Stored data entries
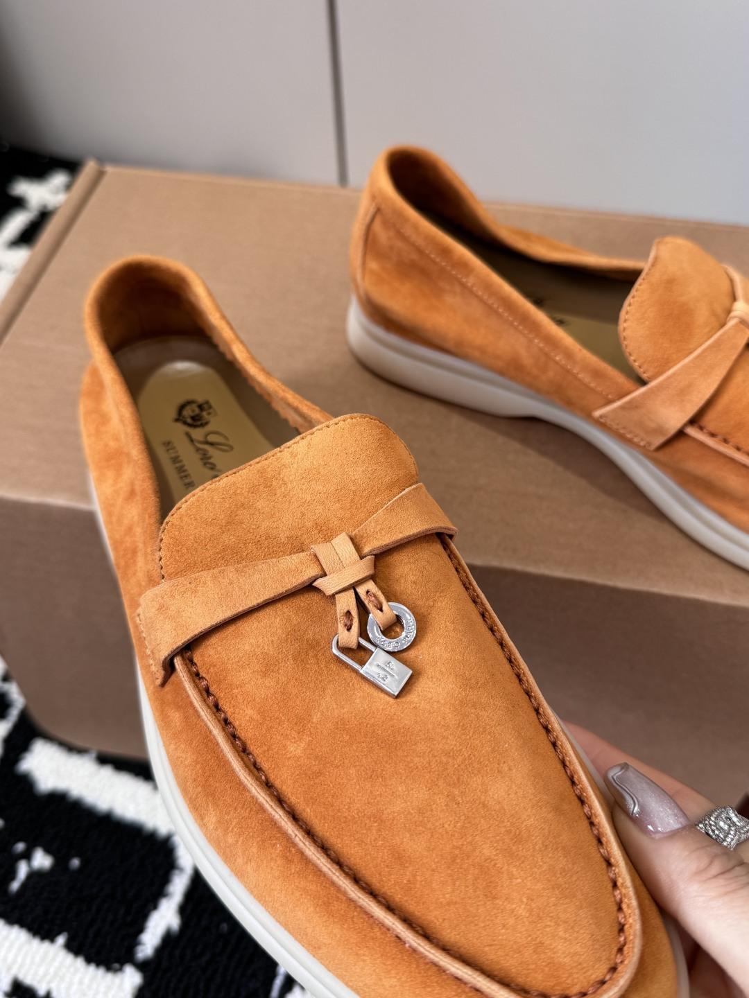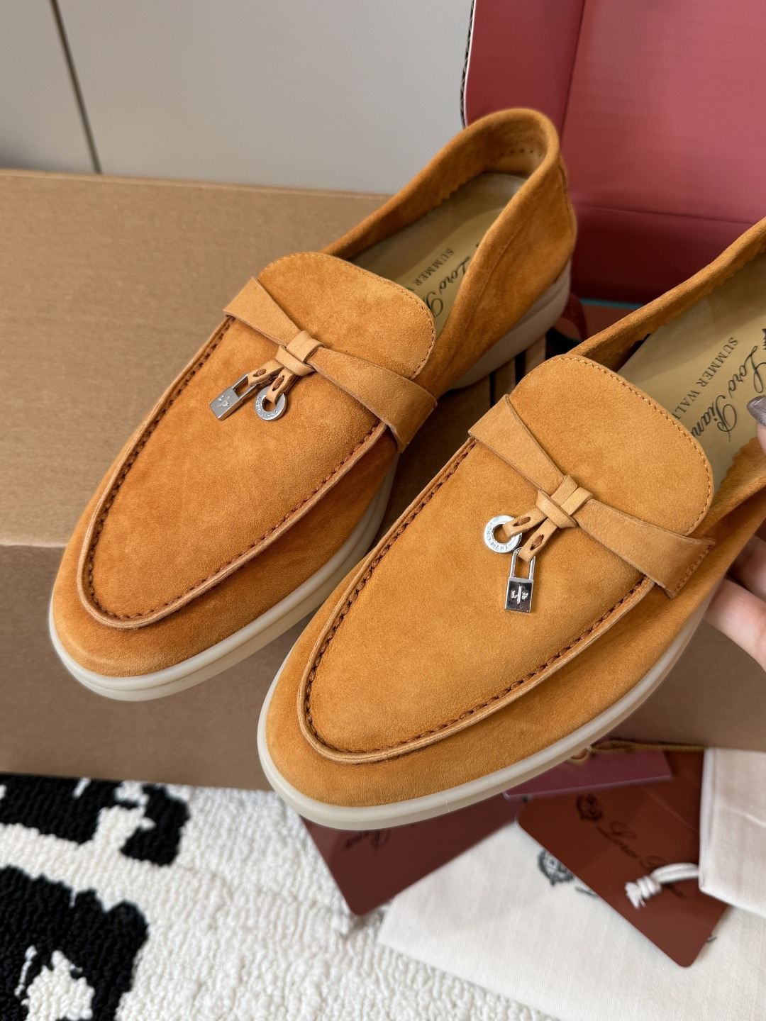 This shoes is AAAAA 1:1 quality (superb). Materials used are identical to the original ones. Loro Piana trademark marks are indistinguishable to the authentic. Photos take by actual shoes, what you receive will be 100% same with our photos.
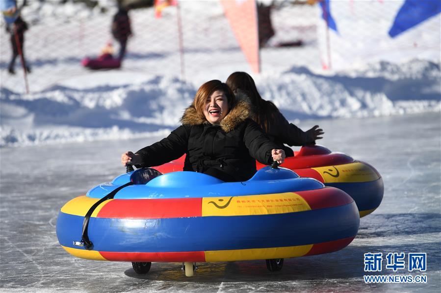 1月18日,游客在新疆天池景区玩电动碰碰车。新华社记者 沙达提 摄
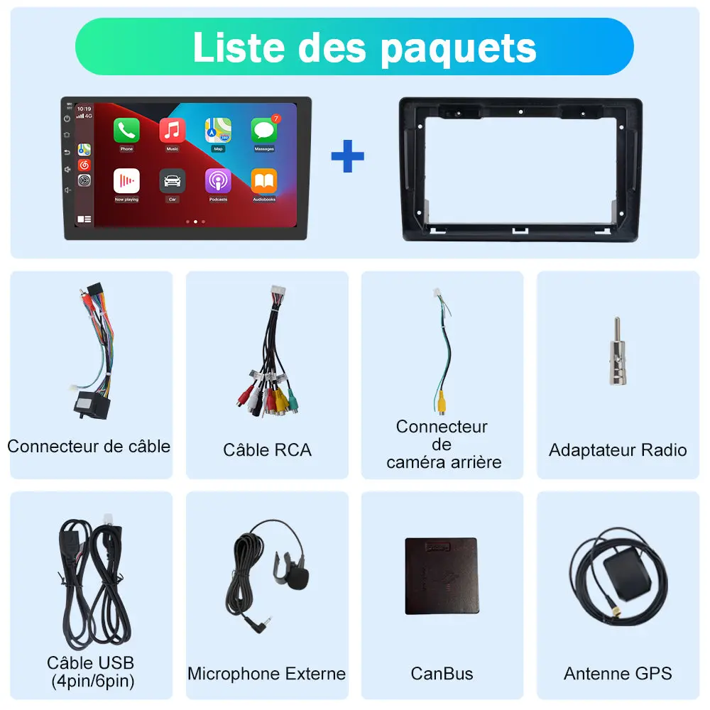 - 【Carplay & Android Auto Intégré au Choix】 Autoradio prend en charge l’interaction avec les smartphones, Carplay filaire/sans fil, Android auto filaire/sans fil, Mirrorlink, Airplay, et l’autoradio permet aux utilisateurs de passer des appels et d’écouter de la musique. Profitez d’un accès instantané aux cartes, à la musique ou aux catalogues en ligne.
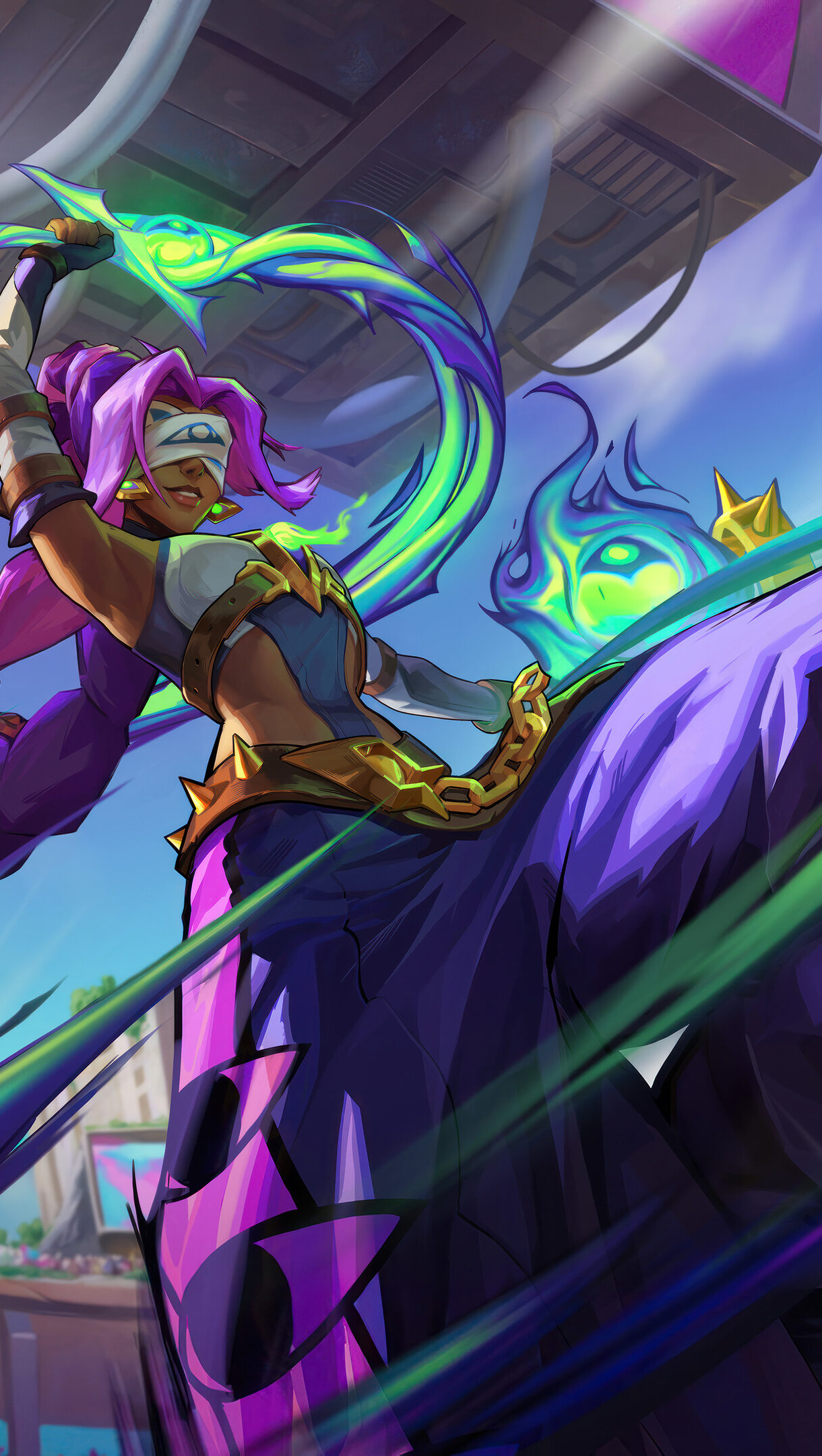 A captivating 4K wallpaper showcasing the Soul Fighter Nilah skin from League of Legends. Nilah, a powerful warrior, is depicted in her stunning skin with intricate details and fiery effects, radiating strength and determination. Simply click the download button to bring this masterpiece to life on your screen as a desktop wallpaper or save it for later in your picture collection.
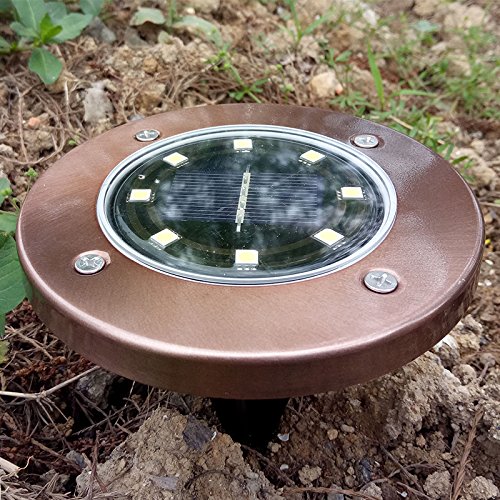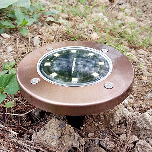 RaiFu ソーラーライト 8 LED ガーデンライト 自動点灯消灯 埋め込み式 防水 ガーデン 庭 玄関 芝生 駐車場 屋外照明 地中埋込型ライト ホワイト 1pcs
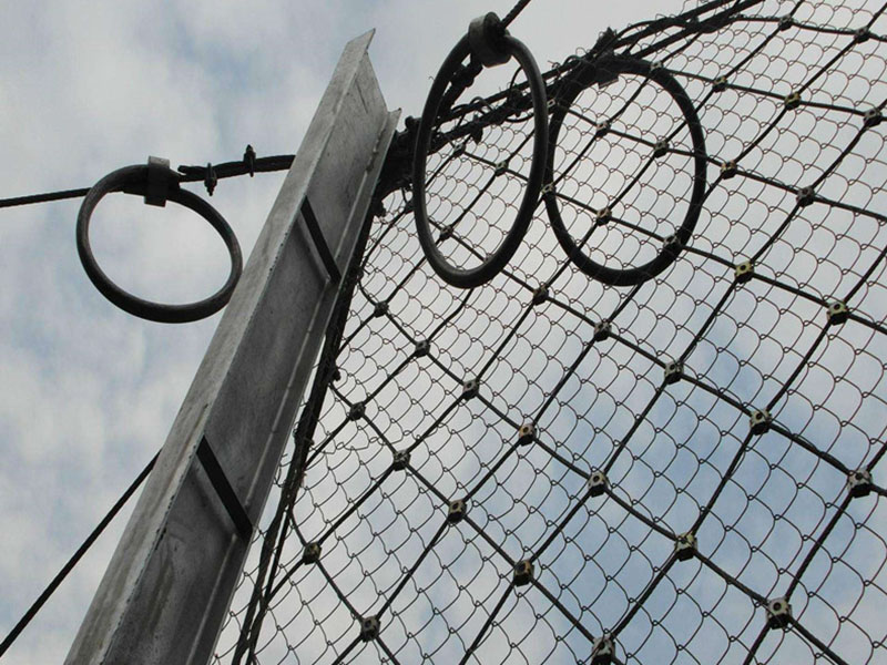 上半部分由特殊的被動防護網組成,鋼絲繩網和立柱是分離的。
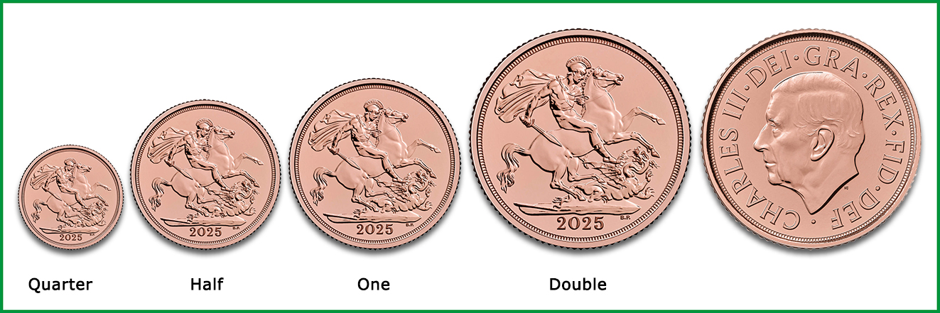 | Goldmünze Sovereign Bullion | Quarter 0,059 oz | Half 0,117 oz | One 0,235 oz | Double 0,470 oz |
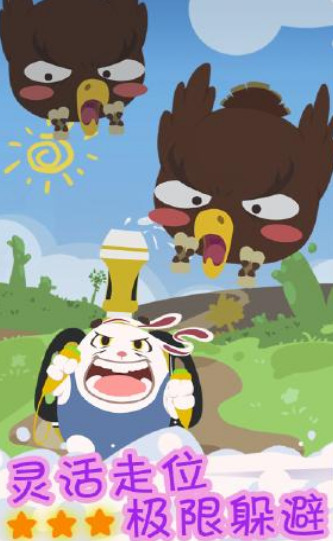 这个兔子有点猛是一款非常好玩的休闲游戏,游戏画面制作非常精美,灵活的控制兔子走位去躲避天空中老鹰的攻击,期间还要寻找合适的角度去攻击老鹰,将老鹰成功的击落就可以通关了,每隔五关还会出现一个特别强大的老鹰,防御和速度都会有一定的增强。
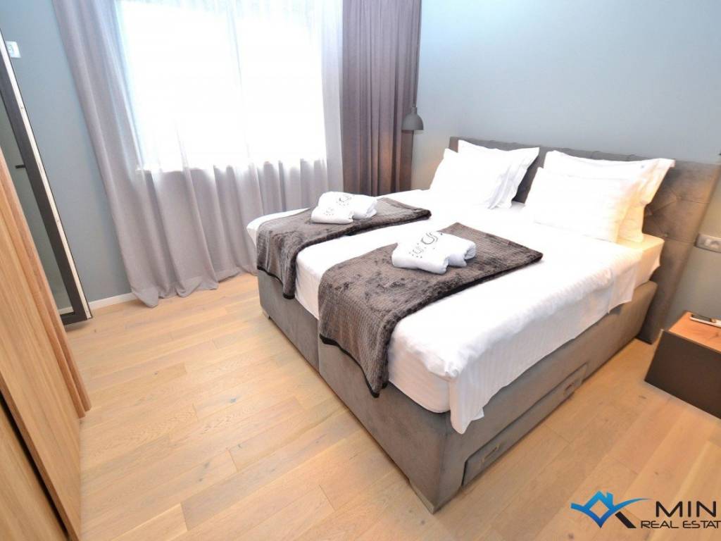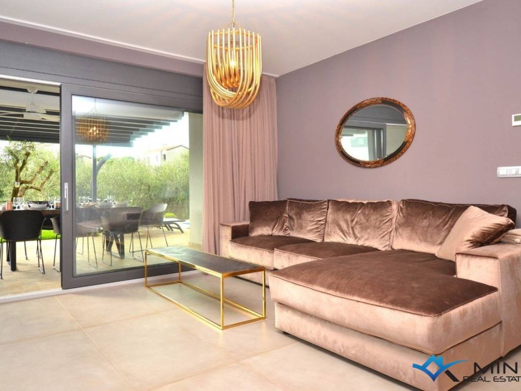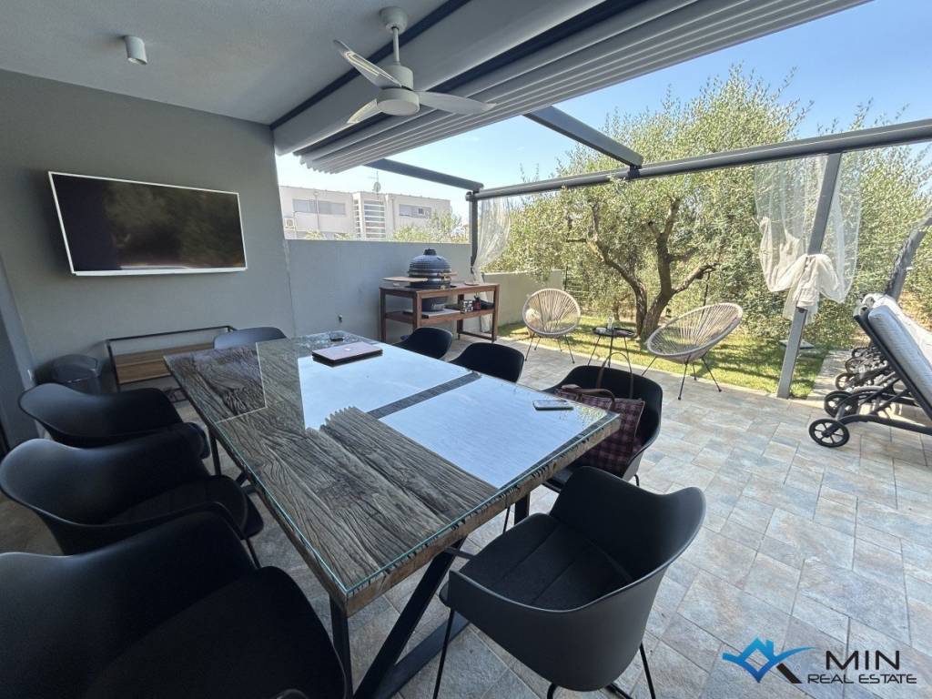 An apartment with a sea view is for sale in a quiet location surrounded by an olive grove. The apartment is located on the ground floor of a building with a total of 8 apartments. The apartment has 82 m2 and consists of a hallway, bathroom, 3 bedrooms and an open space room with a kitchen with a dining room and a living room with access to a terrace that is partially covered. The apartment has a beautifully landscaped garden of 172 m2 that is beautifully landscaped and has a swimming pool. Heating and cooling in the apartment is provided by air conditioning and underfloor heating. The apartment also has a private entrance through the courtyard, and the apartment has 1 parking space in front of the building. The distance from the sea and the beautifully landscaped beach is 900 m, and the city center is 1200 m away.

* _Problem requirements_
Above are the records; copy from them only the lines starting at the one containing "Double 0,470 oz |" and ending at the one containing "这个兔子有点猛是一款非常好玩", exactly and without pictures.

* _Task answer_
 | Goldmünze Sovereign Bullion | Quarter 0,059 oz | Half 0,117 oz | One 0,235 oz | Double 0,470 oz |
 这个兔子有点猛是一款非常好玩的休闲游戏,游戏画面制作非常精美,灵活的控制兔子走位去躲避天空中老鹰的攻击,期间还要寻找合适的角度去攻击老鹰,将老鹰成功的击落就可以通关了,每隔五关还会出现一个特别强大的老鹰,防御和速度都会有一定的增强。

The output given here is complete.